*** DATA PROVIDED Section Begins ***

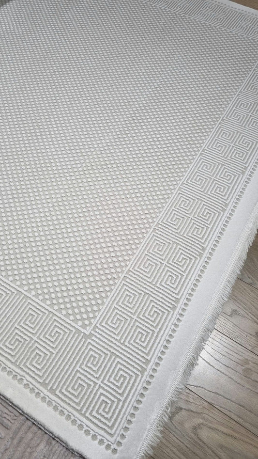 Dekhera Plato Parlak Dokuma Modern Halı Sl115 Beyaz Açık Gri
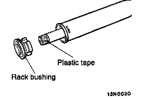 Wrap the rack end with plastic tape, apply a coating of the specified fluid, and then install the rack bushing and rack stopper.
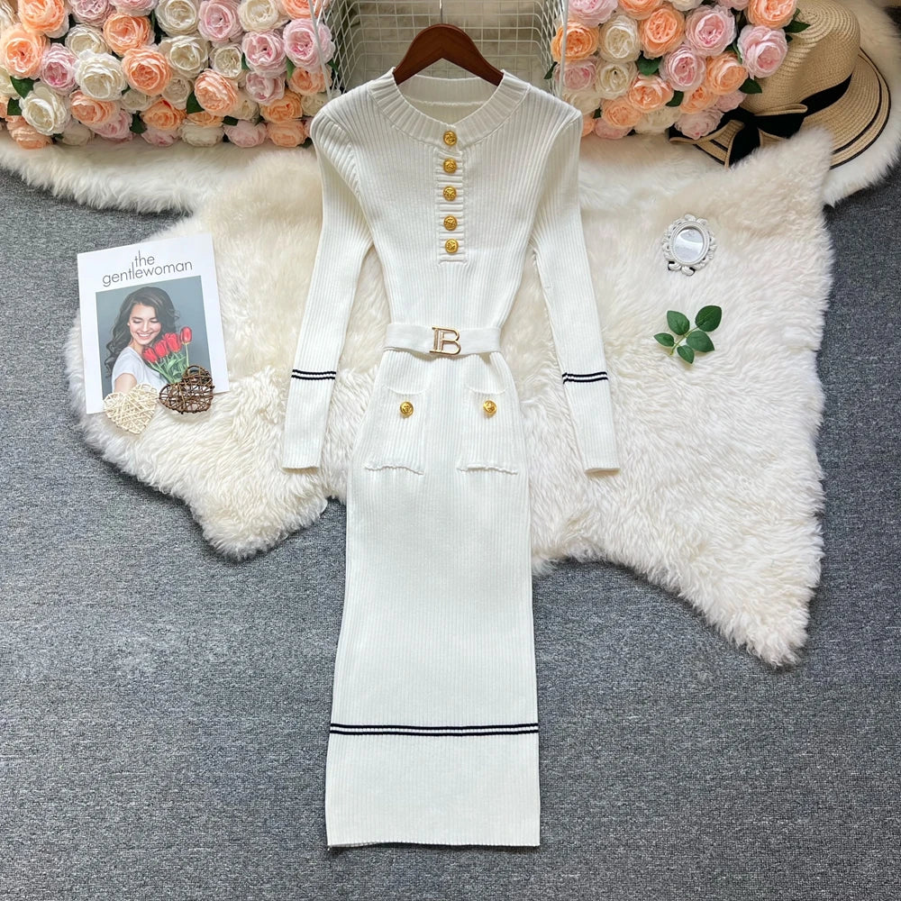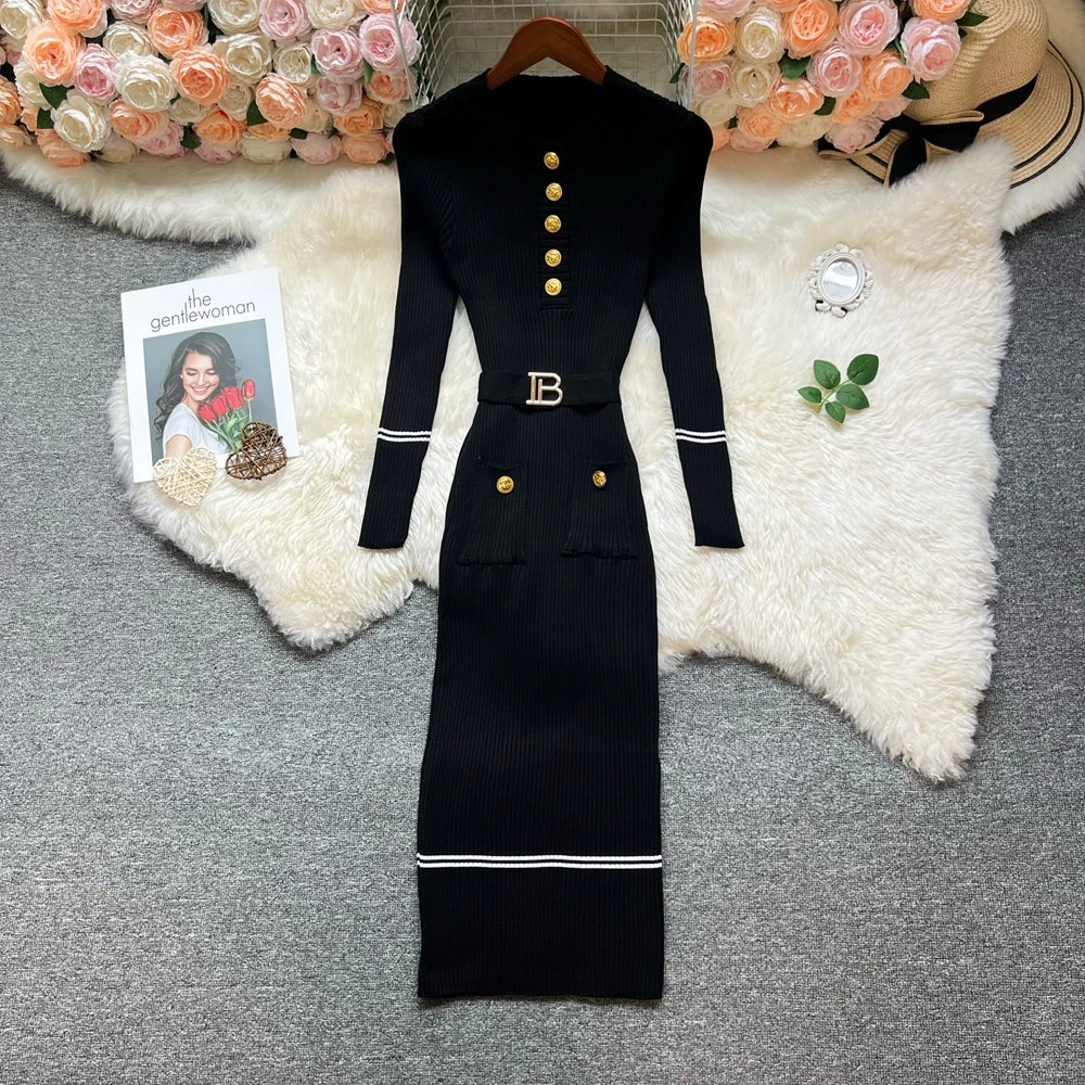 YuooMuoo 2025 Autumn Winter Women Knitted Long Dress Elegant O-neck Buttons Slim Waist Belted Sweater Dress Office Lady Vestidos

*** DATA PROVIDED Section Ends ***

**WHAT THE TASK REQUIRES**. Here the job is to print all the data exactly, skipping any image.

**ANSWER TO THIS PROBLEM**.
 Dekhera Plato Parlak Dokuma Modern Halı Sl115 Beyaz Açık Gri
 Wrap the rack end with plastic tape, apply a coating of the specified fluid, and then install the rack bushing and rack stopper.
 YuooMuoo 2025 Autumn Winter Women Knitted Long Dress Elegant O-neck Buttons Slim Waist Belted Sweater Dress Office Lady Vestidos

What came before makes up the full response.